1 Answer. Literally the slope means force per unit distance or force gradient.

What does a force vs time graph represent?

The net force vs. time graph represents the change in momentum (also known as the impulse).

Why does force decrease as velocity increases?

Because it takes a finite amount of time for cross-bridges to attach, as filaments slide past one another faster and faster (i.e., as the muscle shortens with increasing velocity), force decreases due to the lower number of cross-bridges attached.

Is force equal to velocity?

The acceleration of an object depends on the mass of the object and the amount of force applied. His second law defines a force to be equal to change in momentum (mass times velocity) per change in time.

What is the area of a force vs position graph?

Work is the area under the curve of the force vs. position graph. Areas above the position axis are positive work and areas below the axis are negative work.

How is force described graphically?

Answer. Answer: Force is measured in this way by considering the beginning of a line to be the point at which the force is applied, the length of the line to be its magnitude, and the direction of the line to be the direction of the force..

What does a force vs acceleration graph represent?

The slope of the acceleration vs. force graph represents the reciprocal of the mass of the system.

Does force depend on velocity?

The viscous force that a fluid exerts on a particle depends on velocity, F = F(v).

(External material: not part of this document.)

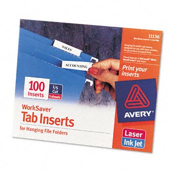 -. Title : Avery® Laser/Inkjet Inserts For Hanging File Folders INSERT,1/5CUT,F/TABS,1C 6R1176 (Pack of50)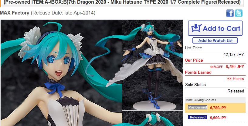 >>18373 http://ekizo.mandarake.co.jp/shop/en/item_s-830425.html Недавно была на Акихабаре за ~4.5 без учета доставки - посылка довольно крупная будет. Фигурки прошлых лет редко можно купить по бросовой цене, так что либо раскошеливайся, либо ищи б/у, либо жди ре-релиз, либо лепи сам.

Is velocity or acceleration related to force?

It states that the rate of change of velocity of an object is directly proportional to the force applied and takes place in the direction of the force. It is summarized by the equation: Force (N) = mass (kg) × acceleration (m/s²). Thus, an object of constant mass accelerates in proportion to the force applied.

How do you read a position vs force graph?

Work is the area under the curve of the force vs. position graph. Areas above the position axis are positive work and areas below the axis are negative work. If the force is not constant, we can divide the graph into sections with simpler shapes and add up the work in each section.

How do you solve forces graphically?

In order to resolve these forces graphically, one must first extend the lines of action of two concurrent forces until they intersect. This intersection is known as the point of origin for the system. Both forces, as well as the resultant, must ALL act either away from or toward the point of origin.

What is the unit of force and how is described graphically?